Let me say a couple of nasty things (no one expect me to say anything nice) about contexts:
Contexts destroy procedural abstraction. I suppose many people will want that explained – it will, in re-education camp.
Among other things, this means that contexts are a giant security hole. In a world where cyber-warfare is a reality, and cyber-terrorism not far behind, this is a problem.
So contexts need to be tamed – by mirrors.
All this is orthogonal to your main points, which are all about implementation.
Cheers, Gilad
Jecel Assumpção Jr | 16-Jan-09 at 1:02 pm | Permalink
Great description! One detail wasn’t clear to me, however. Do processes share stack pages? My first impression was that you had gone to some trouble to allow this, but on a second reading this doesn’t seem to be the case. This would mean that in the benchmark with the 503 processes the behaviour would fall back to nearly the same as the context interpreter given that there are only 192 pages.
Btw, I would have gone in a completely different direction if I had tried to do this. I would allocate two stack per process (64 words each might be a good start) with one being the data stack and the other the return stack (yes, I did design too many Forth processors). The return stack would have frames of four words each: base (pointer to the receiver in data stack), contextOrNil, method and ip. There would be no copying at all on the data stack when adding a frame to the return stack.
S Krishnamachari | 17-Jan-09 at 1:52 pm | Permalink
Great Explanation..! Takes me down a memory lane from where I left nearly 3 yrs back. Motivating to head back and look through this again from the Slang implementation perspective. As for the Context, I thought the link to the Context Management would be pertinent here.
Would you be releasing the Slang Code of the VM or the converted C version..?
Will follow this more often..
Eliot Miranda | 18-Jan-09 at 10:47 pm | Permalink
Hi Gilad,
to agree contrarily, I’m not sure contexts should be so roughly accused. Common or garden stacks are extremely useful and yet can be exploited in buffer overrun attacks, but only if the computational context allows it. In a safe language a buffer overrun attack is impossible. Exceptions and setjmp/longjmp catch/throw all break procedural abstraction, but they are none the less useful for that. As you point out a system with contexts can still be secure (e.g. by using mirrors). So I wouldn’t go as far as to call them evil, merely live 🙂
But yes, I’m merely discussing how to implement them efficiently. I’m implementing a VM for a language that has unsafe contexts, as efficiently as I can, not doing the harder thing of designing a new language that provides the power of contexts along with safety guarantees. When I’m up to that challenge and given the opportunity I shall be extremely eager to be re-educated.

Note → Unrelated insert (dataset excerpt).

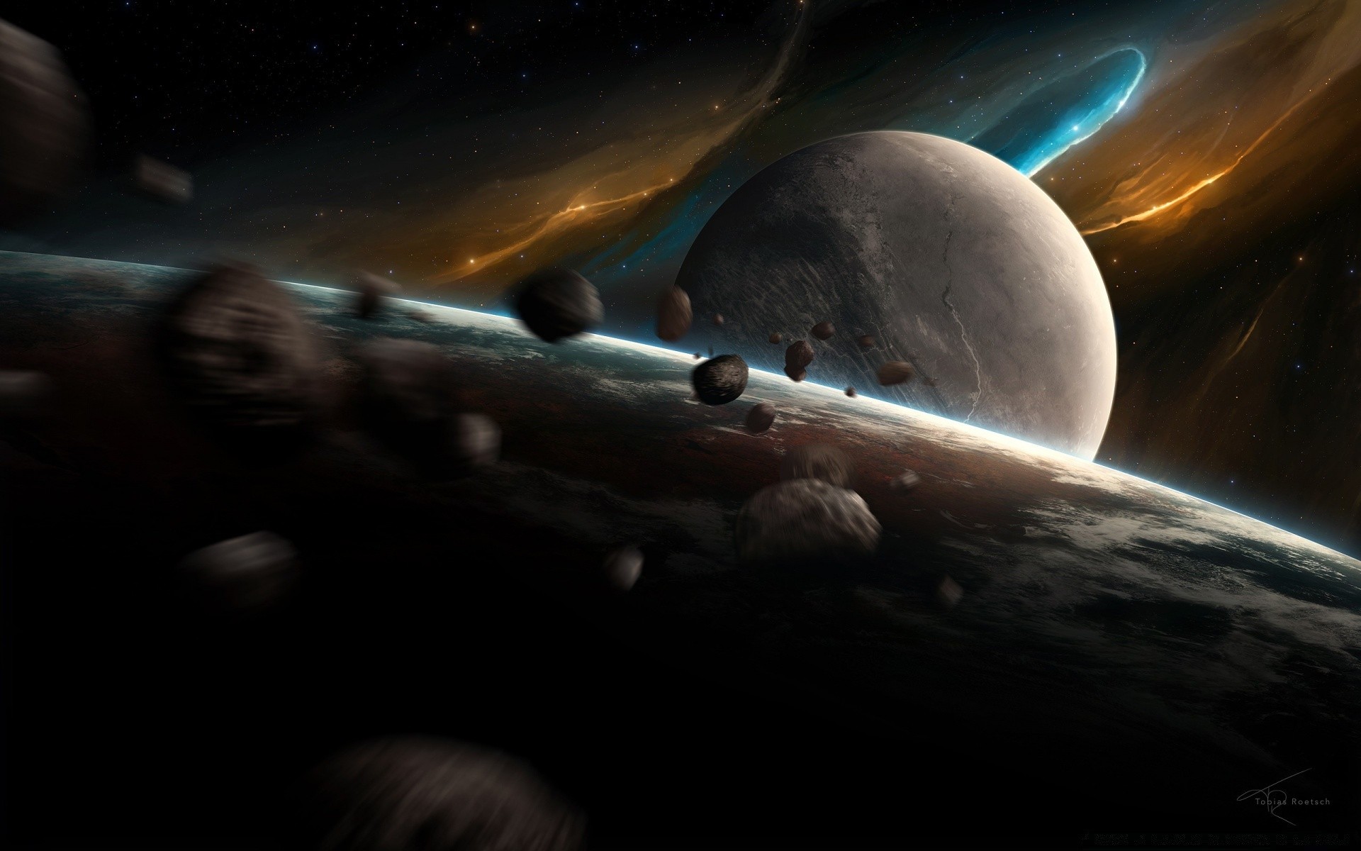 Vista de la Luna desde el cinturón de asteroides de otro planeta

Yes, it is my intent to write at least a draft of a book on dynamic language implementation that presents a high-performance design warts and all. Perhaps the medium isn’t ideal but it is for me great practice. I’ve previously been overawed by the prospect but writing a blog allows me to write a chapter at a time at my own pace. Please don’t be put off by my prolixity. I very very much appreciate your being a reader.
Best
Eliot
Eliot Miranda | 18-Jan-09 at 10:56 pm | Permalink
Hi Jecel,
I’ll revise my post to clarify as soon as I have time. Yes, processes share the stack zone, no, processes don’t share stack pages. The frames and contexts on a stack page all belong to exactly one process.
Yes, this implies that when the number of active processes exceeds the number of stack pages every context switch must flush the least recently used stack page to make room for its top context. So yes, performance suffers when this happens, and you can see form the benchmarks that threadRing: has a far smaller speedup that the other three. However, a ring of processes of the same priority is an artificial benchmark which has little to do with typical process usage patterns in real applications and one can have a lot of stack pages on current machines.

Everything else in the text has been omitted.